» Work request: The line containing "Mit 9 rotierenden", and every line after it to the end of the listing, should be repeated exactly; the pictures should not.

(Data block Opens)

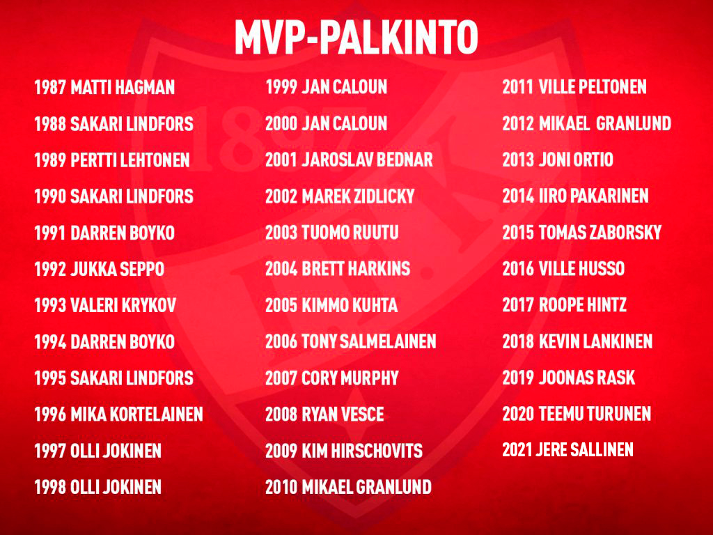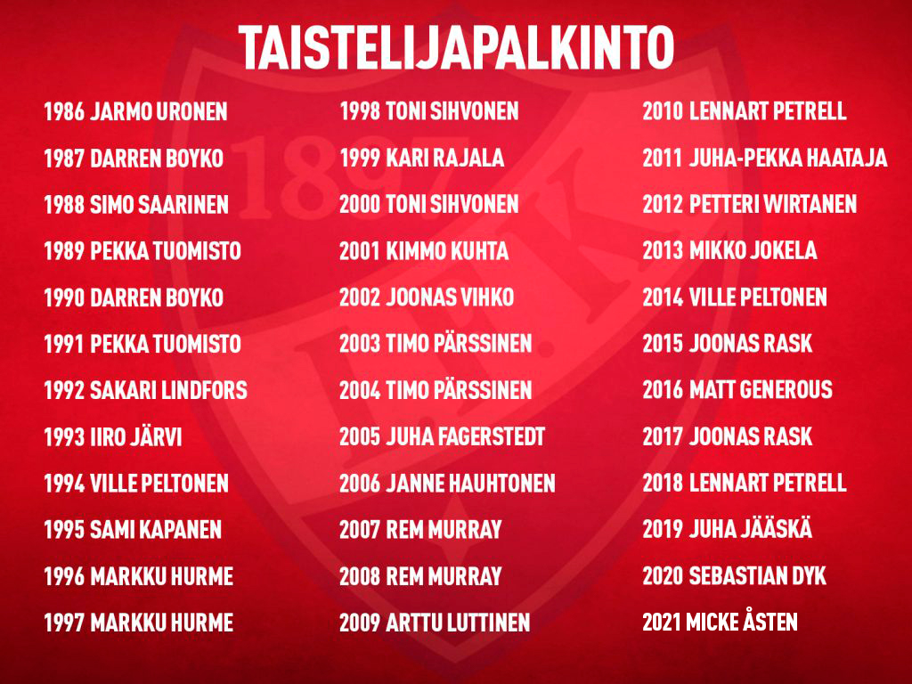 Ville Peltonen on puolestaan ainoa pelaaja, joka on palkittu kaikissa mahdollisissa kategorioissa (A-nuorten Gentleman 1991, tulokas 1993, taistelija 1994 & 2014, MVP 2011).
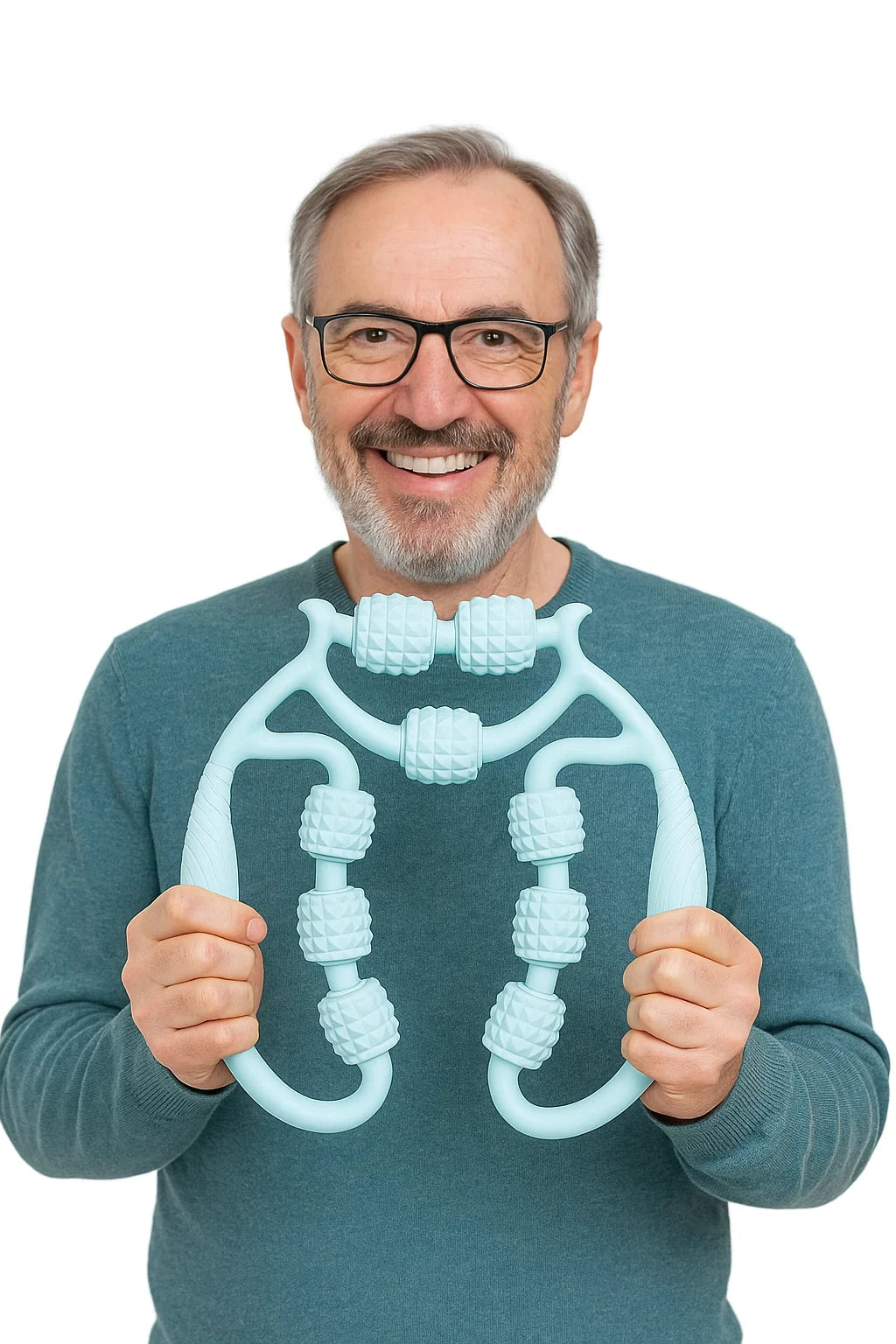 Mit 9 rotierenden Massage-Rollen fördert das Gerät gezielt die Durchblutung, lindert Schmerzen und unterstützt die Regeneration von Muskeln und Gelenken. Die regelmäßige Anwendung kann helfen, Steifheit zu reduzieren, die Beweglichkeit zu verbessern und das Wohlbefinden im Alltag spürbar zu steigern – ganz ohne Medikamente.
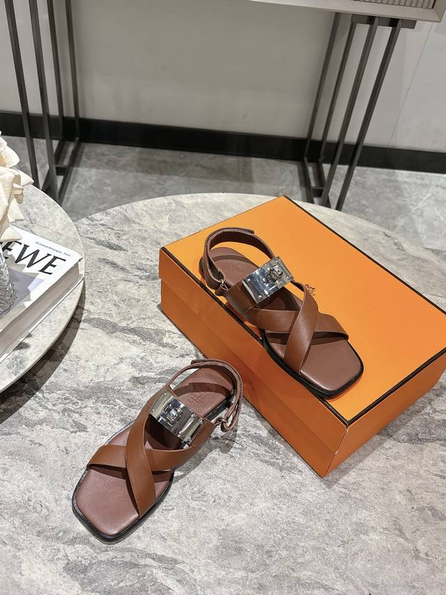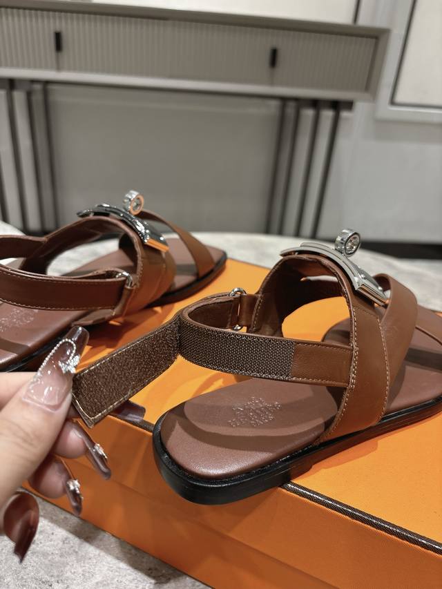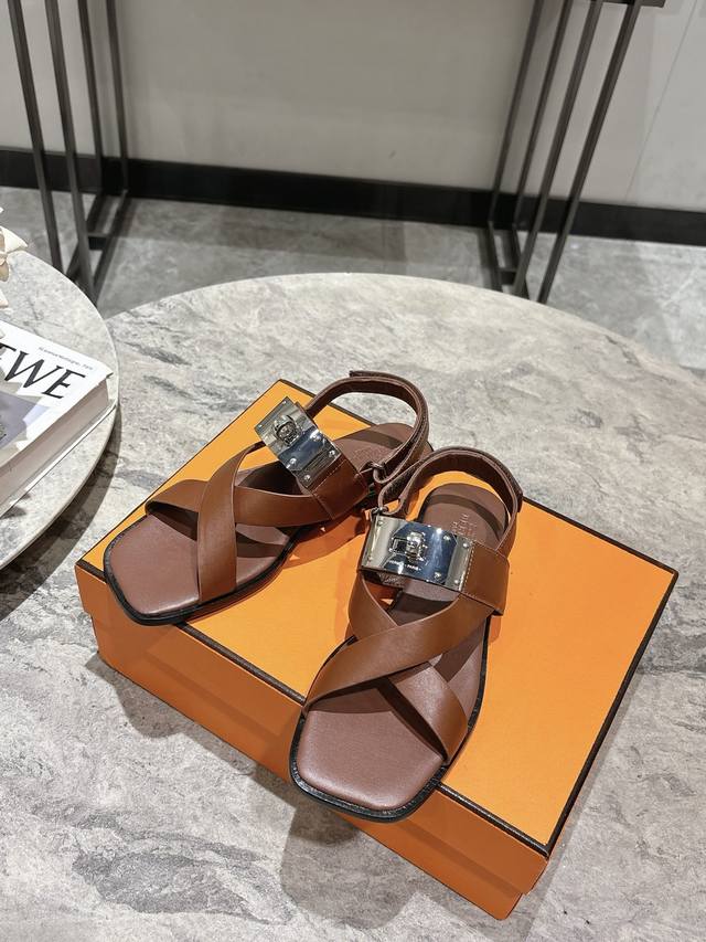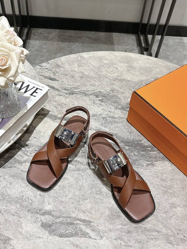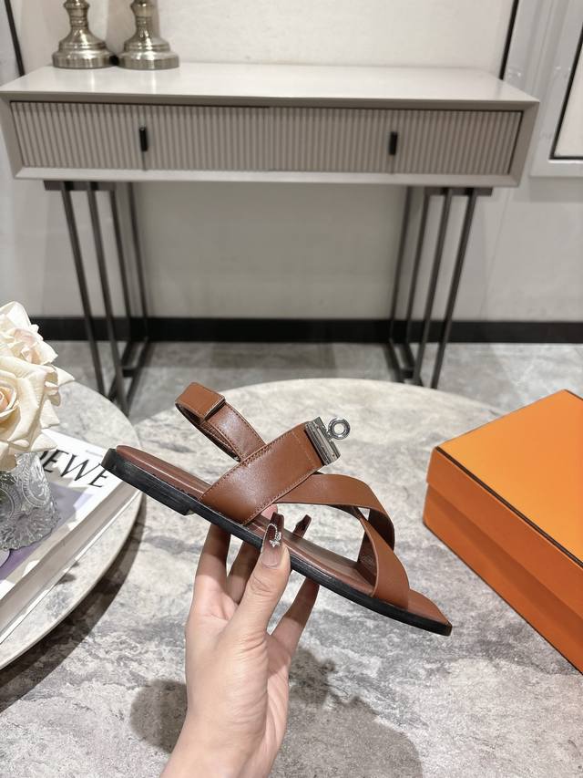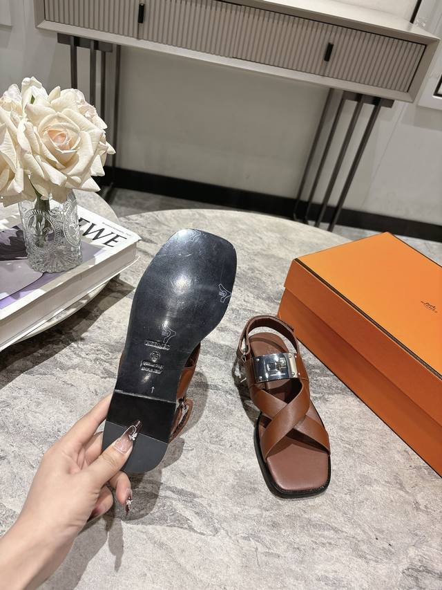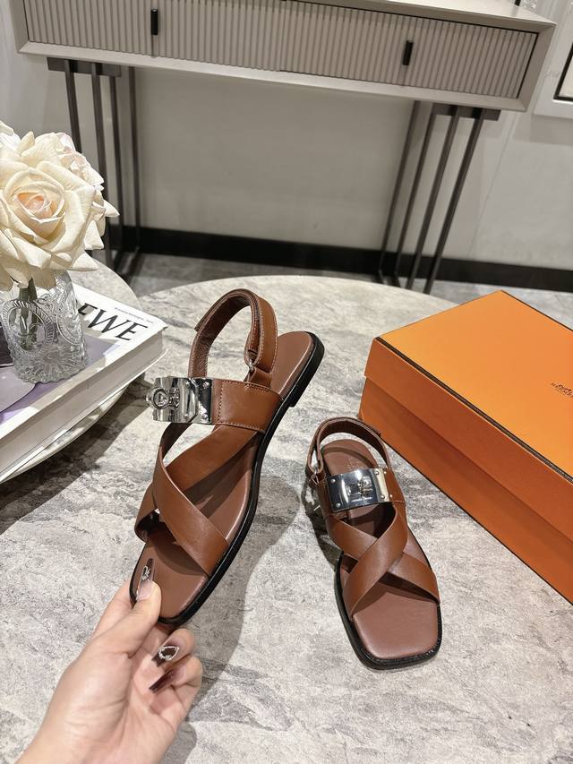 400 Herme*S爱马仕春夏最新五金扣凉鞋 柜柜超难配货 经典的方头版型 搭配极具辨识度五金 上脚超级百搭好看时髦 超多明星网红种草 春夏必备 随意舒适高级感 上脚超级舒适不勒脚 鞋面进口磨砂小牛皮 混种羊皮里 意大利真皮大底 原版全套包装 Size:35-39(40定做不退换)

(Data block Closes)

» Solution for this problem:
 Mit 9 rotierenden Massage-Rollen fördert das Gerät gezielt die Durchblutung, lindert Schmerzen und unterstützt die Regeneration von Muskeln und Gelenken. Die regelmäßige Anwendung kann helfen, Steifheit zu reduzieren, die Beweglichkeit zu verbessern und das Wohlbefinden im Alltag spürbar zu steigern – ganz ohne Medikamente.
 400 Herme*S爱马仕春夏最新五金扣凉鞋 柜柜超难配货 经典的方头版型 搭配极具辨识度五金 上脚超级百搭好看时髦 超多明星网红种草 春夏必备 随意舒适高级感 上脚超级舒适不勒脚 鞋面进口磨砂小牛皮 混种羊皮里 意大利真皮大底 原版全套包装 Size:35-39(40定做不退换)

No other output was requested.